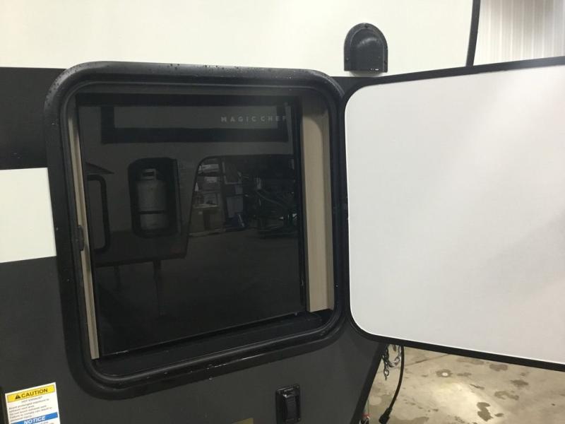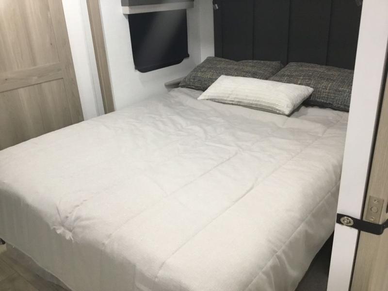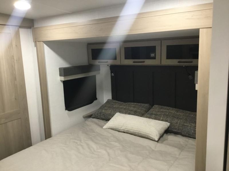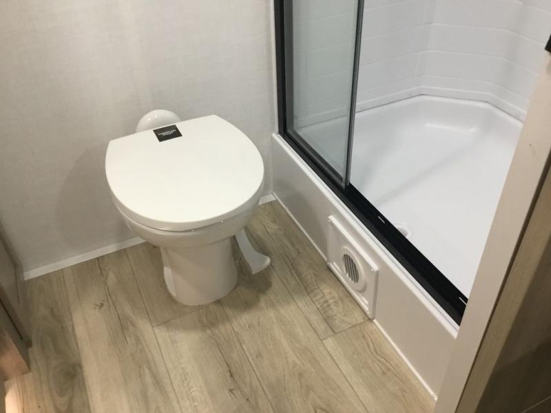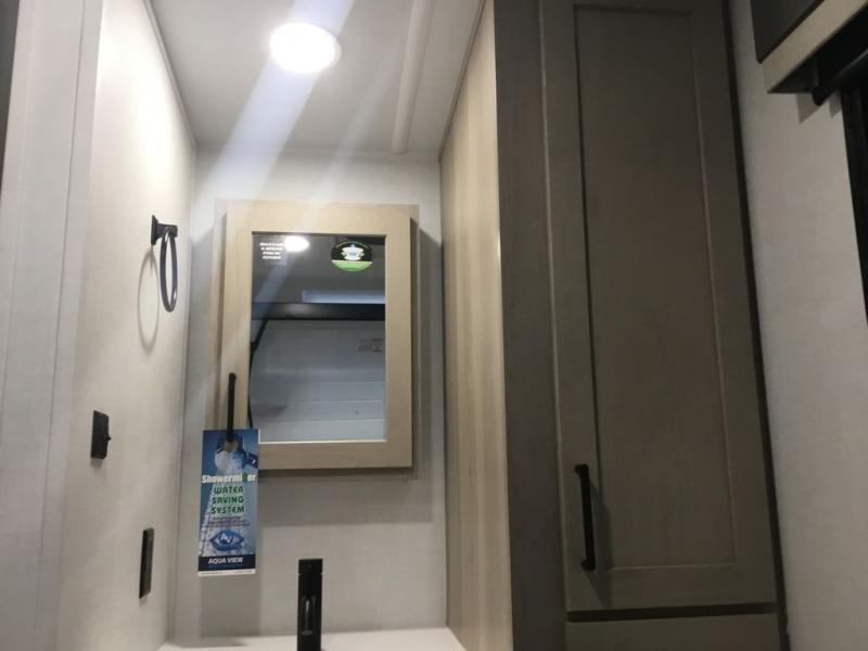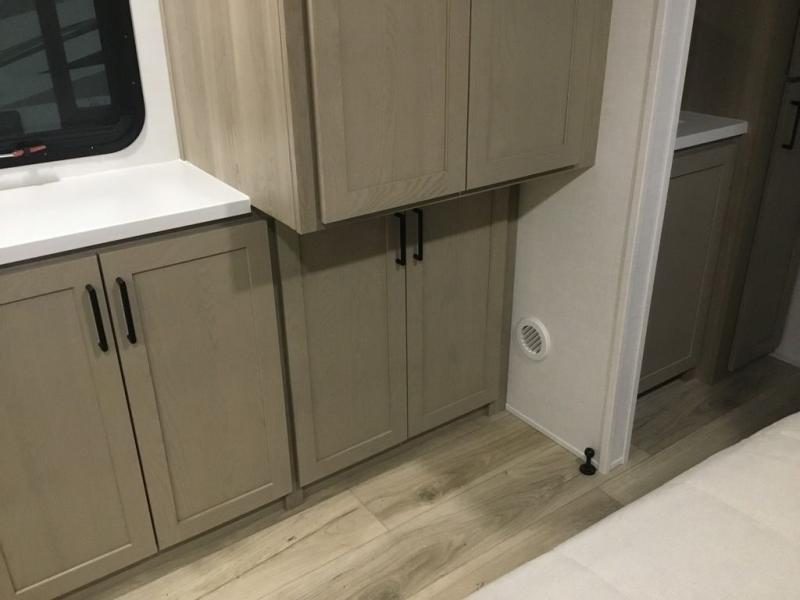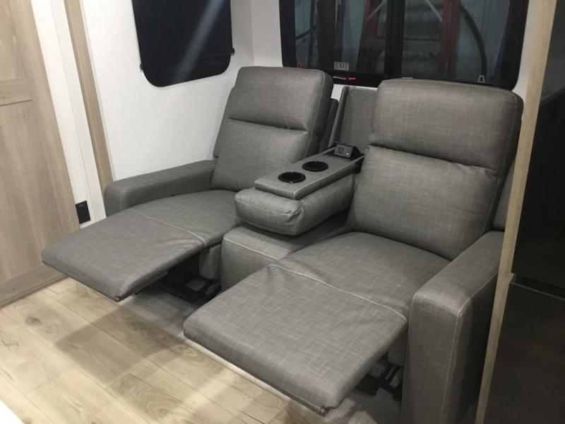 This travel trailer is the best option for you and your partner! The lavish full rear bathroom features a spacious layout and a convenient linen closet, perfect for relaxation and refreshment. The elegant bedroom boasts a plush queen bed, ample wardrobe space, and stylish dresser, creating a serene retreat. The spacious living room and kitchen combined area is the heart of the trailer, featuring plush theater seating for cozy movie nights, a generous closet for storing essentials, and a 12V Smart TV for entertainment on the go. Plus, the expansive countertop with chairs provides a perfect spot for gourmet meals or socializing, while the premium three-burner cooktop, kitchen pantry, and microwave make meal prep and cooking a true delight.
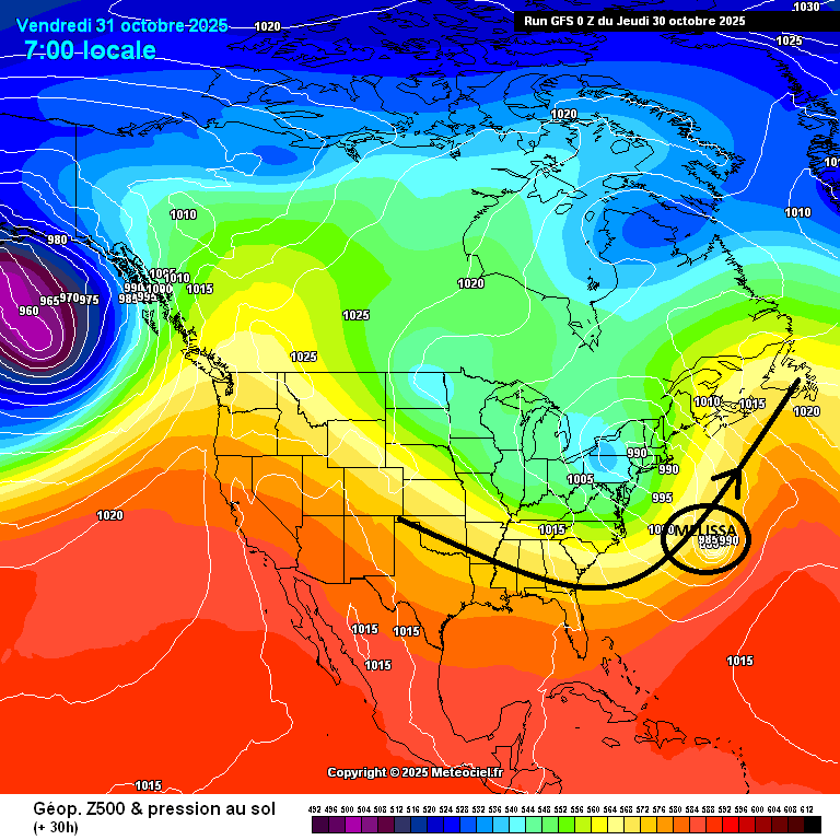 MELISSA hat in der Karibik schwere Zerstörungen angerichtet, ganze Landstriche überschwemmt und Menschenleben gefordert. Der Hurrikan zieht in den nächsten Tagen unter Abschwächung weiter nach Nordosten. Über dem offenen Atlantik wird er von einem  Trog aufgenommen und wird an dessen Vorderseite  zügig Richtung Neufundland gesteuert:
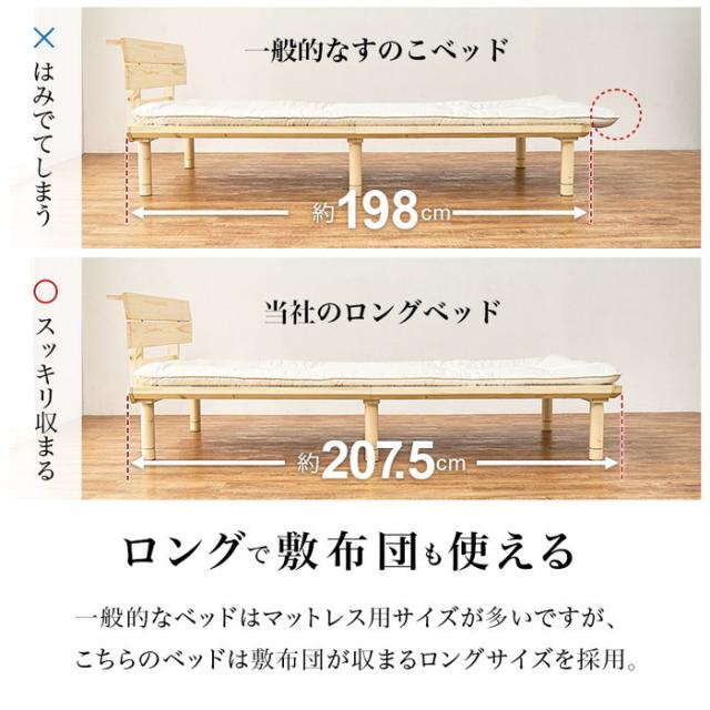 爽やかな天然い草を使用した畳マットをすのこベッドに合わせました。敷布団がそのまま使えるロングサイズです。床面高さは3段階調節可能。
● ● ● ● ● ● ●
DIRECTIONS – Leaving the pictures aside, copy exactly and only the lines from the one holding "MELISSA hat in" through the final line of the data, both ends kept.

RESPONSE AREA –
 MELISSA hat in der Karibik schwere Zerstörungen angerichtet, ganze Landstriche überschwemmt und Menschenleben gefordert. Der Hurrikan zieht in den nächsten Tagen unter Abschwächung weiter nach Nordosten. Über dem offenen Atlantik wird er von einem  Trog aufgenommen und wird an dessen Vorderseite  zügig Richtung Neufundland gesteuert:
 爽やかな天然い草を使用した畳マットをすのこベッドに合わせました。敷布団がそのまま使えるロングサイズです。床面高さは3段階調節可能。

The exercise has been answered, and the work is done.